Поставьте туда пару башмаков,
Пусть разутый обуется и уйдет…
Вагиф Самедоглу это еще одно из обстоятельств, когда можно сокрушаться об утрате масштаба – и не только творческого...
Непростой она выдалась, встреча, после нее я пролежала двое суток ничком… Оставалось лишь выпотрошить диктофон… До донышка…
И, тем не менее, в нем осталось то, что не перенесешь – ни на какие «носители»…
В нем запечатлен тот день – с его Небом за окном и неповторимым Героем Дня…
А солнышко… Оно прорезывалось сквозь тучи.
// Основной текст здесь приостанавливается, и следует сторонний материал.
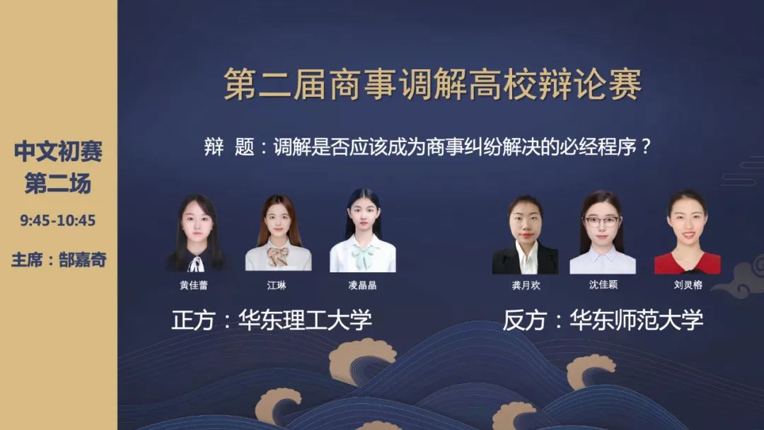 作为上海市法学会东方法学商事调解大赛系列赛事之一,第二届商事调解高校辩论赛于11月6日开赛,分为初赛、复赛、半决赛与决赛4个阶段。复旦大学、上海交通大学、同济大学、华东师范大学、华东政法大学、Bevictor伟德官网、上海师范大学、上海外国语大学、东华大学等14所沪上知名高校的20支队伍参赛。其中中文赛赛队共14支,英文赛共6支。比赛全程通过哔哩哔哩等平台直播。
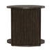 With its sleek lines and modern design, the City View chairside table is a statement of impeccable taste and refined sophistication. Crafted with excellence using Rubberwood solids and Quartered White Oak veneers, this table features a Coffee Bean finish. At its core, the chairside table features softly curved reeded end panels, adding a touch of elegance and refinement to its aesthetic. These subtle details lend a sense of texture and depth to the table, creating visual interest without overwhelming the space. An open bottom shelf provides ample space for storage and display, allowing you to showcase your favorite books, decorative items, or personal treasures with ease. Whether you're organizing magazines, displaying a potted plant, or storing remote controls, this shelf offers endless possibilities for customization and personalization. With its compact size and versatile design, the City View chairside table is the perfect companion for any seating arrangement. Whether placed next to a sofa, armchair, or even in a corner as a standalone accent piece, it adds both style and functionality to any room.
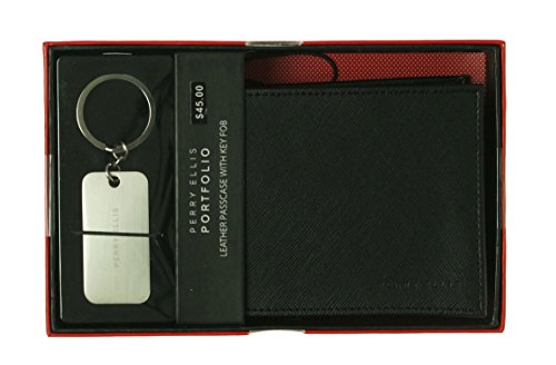 Perry Ellis Portfolio Super Soft Leather Passcase with Key Fob Black

Лучиками, веселыми такими…
Чуть реже обычного, быть может…
… «Səsim gəlir?» – спросил он чуть ослабевшим голосом, обращаясь в зал оперного театра во время своего юбилейного чествования. – «Hələ bir müddət gələcək...»
Умение юморить в любой ситуации и любом состоянии – как это было свойственно ему. Никогда не забуду, как он в музее Низами, на презентации своей книжки последней…
«…Я не боюсь умирать, траурные церемонии нынче подешевели – халва, сахар, чай… Всех вас приглашаю, gözüm üstə yeriniz var», – говорил он оторопевшим зрителям; подобного «dəvətnamə», да еще сделанного в столь официальной обстановке, в их жизни точно не было! Пришли на обычную презентацию, а попали... Круто попали, не зная смеяться им или плакать. Так и сидели, не определившись с мимикой, а я поняла, что это такое – трагифарс.
А Вагиф продолжал – в своем духе.
«Кто может в Азербайджане похвастать, что пил с Пастернаком? Не понимаю, кому пришло в голову налить мне тогда, маленькому мальчику, – наверно тогда уже у меня на лице было написано»…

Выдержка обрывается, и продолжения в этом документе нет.